Problem details:
Starting with the line below that holds "XBC型全自动柴油机消防泵组" and stopping after the line that holds "Die Rostbraten in", transcribe the lines exactly, leaving out all pictures.

Entries supplied:
▬▬▬▬▬▬

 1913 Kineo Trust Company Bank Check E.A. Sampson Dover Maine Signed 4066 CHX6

▬▬▬▬▬▬

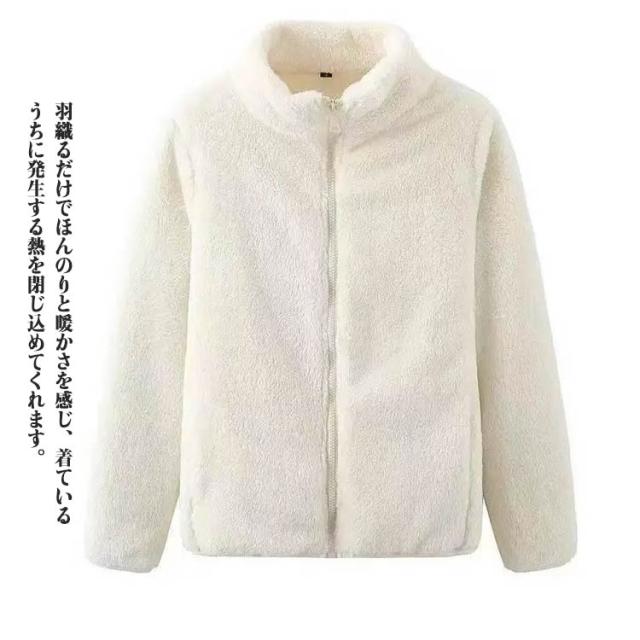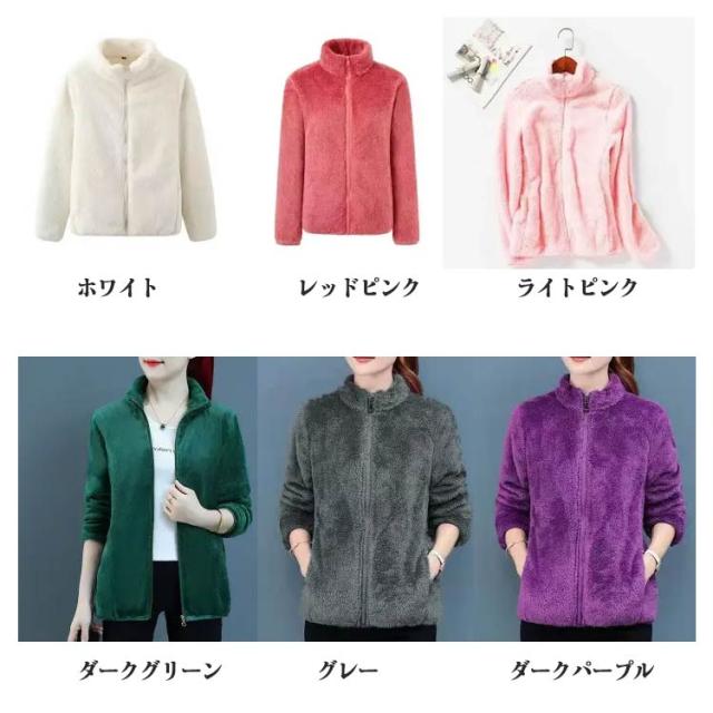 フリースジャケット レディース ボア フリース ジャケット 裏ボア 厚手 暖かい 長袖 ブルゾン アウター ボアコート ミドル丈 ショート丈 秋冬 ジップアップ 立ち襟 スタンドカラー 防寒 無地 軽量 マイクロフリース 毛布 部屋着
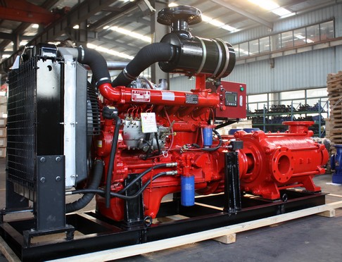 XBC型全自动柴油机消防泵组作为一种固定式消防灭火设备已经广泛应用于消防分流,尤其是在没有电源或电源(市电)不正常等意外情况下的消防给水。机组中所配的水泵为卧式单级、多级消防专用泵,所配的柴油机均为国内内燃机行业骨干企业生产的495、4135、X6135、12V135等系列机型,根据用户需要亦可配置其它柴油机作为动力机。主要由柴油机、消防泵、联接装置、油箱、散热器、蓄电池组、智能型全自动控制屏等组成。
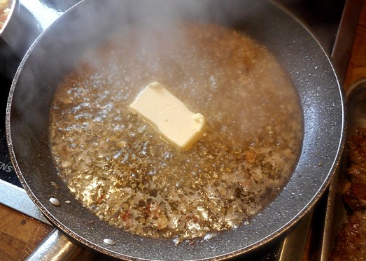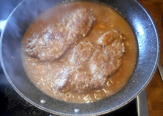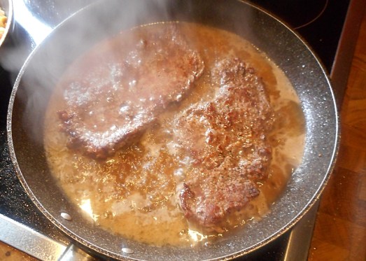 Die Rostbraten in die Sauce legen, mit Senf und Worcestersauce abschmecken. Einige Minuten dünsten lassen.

▬▬▬▬▬▬

Solution for this task:
 XBC型全自动柴油机消防泵组作为一种固定式消防灭火设备已经广泛应用于消防分流,尤其是在没有电源或电源(市电)不正常等意外情况下的消防给水。机组中所配的水泵为卧式单级、多级消防专用泵,所配的柴油机均为国内内燃机行业骨干企业生产的495、4135、X6135、12V135等系列机型,根据用户需要亦可配置其它柴油机作为动力机。主要由柴油机、消防泵、联接装置、油箱、散热器、蓄电池组、智能型全自动控制屏等组成。
 Die Rostbraten in die Sauce legen, mit Senf und Worcestersauce abschmecken. Einige Minuten dünsten lassen.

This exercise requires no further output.